Scenarios for YES - any of these

  • major popular media or journalistic outlets seriously say that this is accepted

  • scientific nutrition journals say that this is well-known and understood phenomena with understanding based on at least 2 papers

  • thousands of people explicitly follow a diet which includes ice cream as a health food

  • ice cream-derived vitamins or supplements claiming to incorporate its beneficial aspects become popular and are widely available at pharmacies, etc.

I will not bet in this market and my overall goal is to evaluate whether recent claims that ice cream actually isn't bad are substantiated and have become mainstream views.

Judging by what the top LLMs say at the time + my opinion.

Overall, if we say the acceptance of this idea is at 10% today, if by end of claim we are at 50%+ acceptance in the US English language media, this resolves YES. Otherwise NO.
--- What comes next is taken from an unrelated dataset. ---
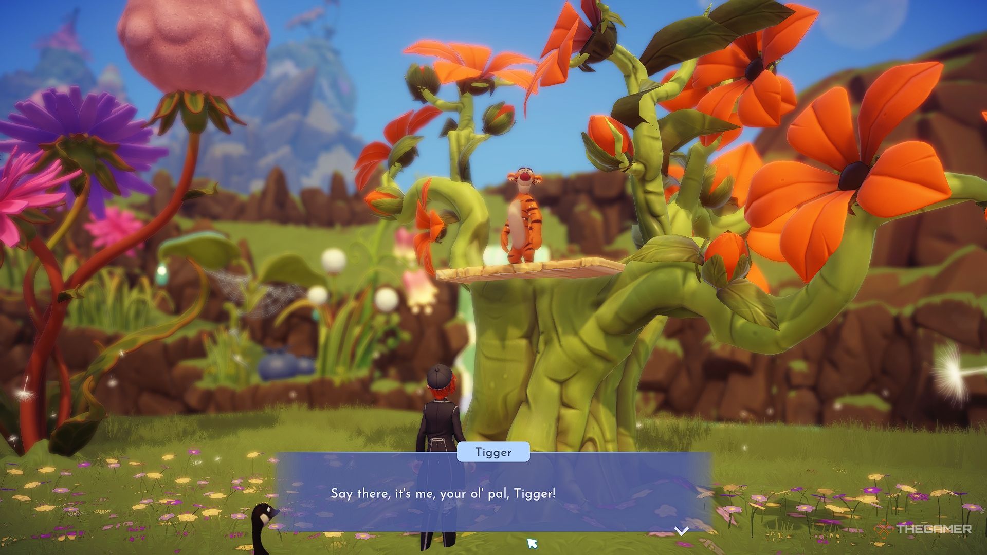 Как только вы достигнете уровня связи четыре с Ханом, он сможет сломать металлическое препятствие в Glamour Gulch, наконец позволив вам войти в Pixie Acres. Внутри вы найдете Тиггера, прыгающего и застрявшего на дереве. К счастью, с помощью Tinker Bell вы сможете сварить зелье, чтобы спустить его.
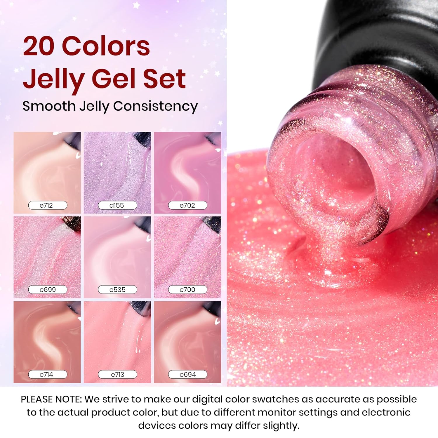 Beetles Jelly Gel Nail Polish Set, 25PCS 20 Colors Sheer Neutral Nude Pink Glitter Milky White Gel Nail Kit Soak Off UV with Base Glossy Matte Top Coat Pearls Rhinestones Nail Charms Gift for Women

Currenly, querying GPT4 reveal an estimate of approx 10-20% as the confidence level for scientific journals, when prompted with

evaluate what various journals would think of the hypothesis that ice cream is actually health in this format: {"confidence": <0-100%>, "reasons": "text", "other info and comment: "<text2>"} for each of: Ny times ny post the economist WSJ China Daily Nature Science A popular nutrition journal A college professor of nutrition from a mediocre university An alternative, gestalt healer from germany who has surprisingly effective, if unexplained, methods of history

"So far, there are just a few articles, one in "the atlantic" and other brief mentions from non-mainstream nutritionists that this may be true. There is a single rumored study that there may be a hypothetical explanation, but overall this is not certain at all now. Could you re-generate the output based on this state of affairs, basing it on the estimate of these outlets current possible opinions, as best as you can?" and then supplying a list of newspapers and journals. The newspaper estimates are from 10-40% based on the sensationalism levels, but "Science" and "Nature" are both described as

at EOY 2026 we will take the most updated available LLM <100$/month to access, either local or remote, and ask it, assuming that data is relatively well-updated within it. If it's not updated, I will feed it the latest papers on this subject but hopefully they will already be included.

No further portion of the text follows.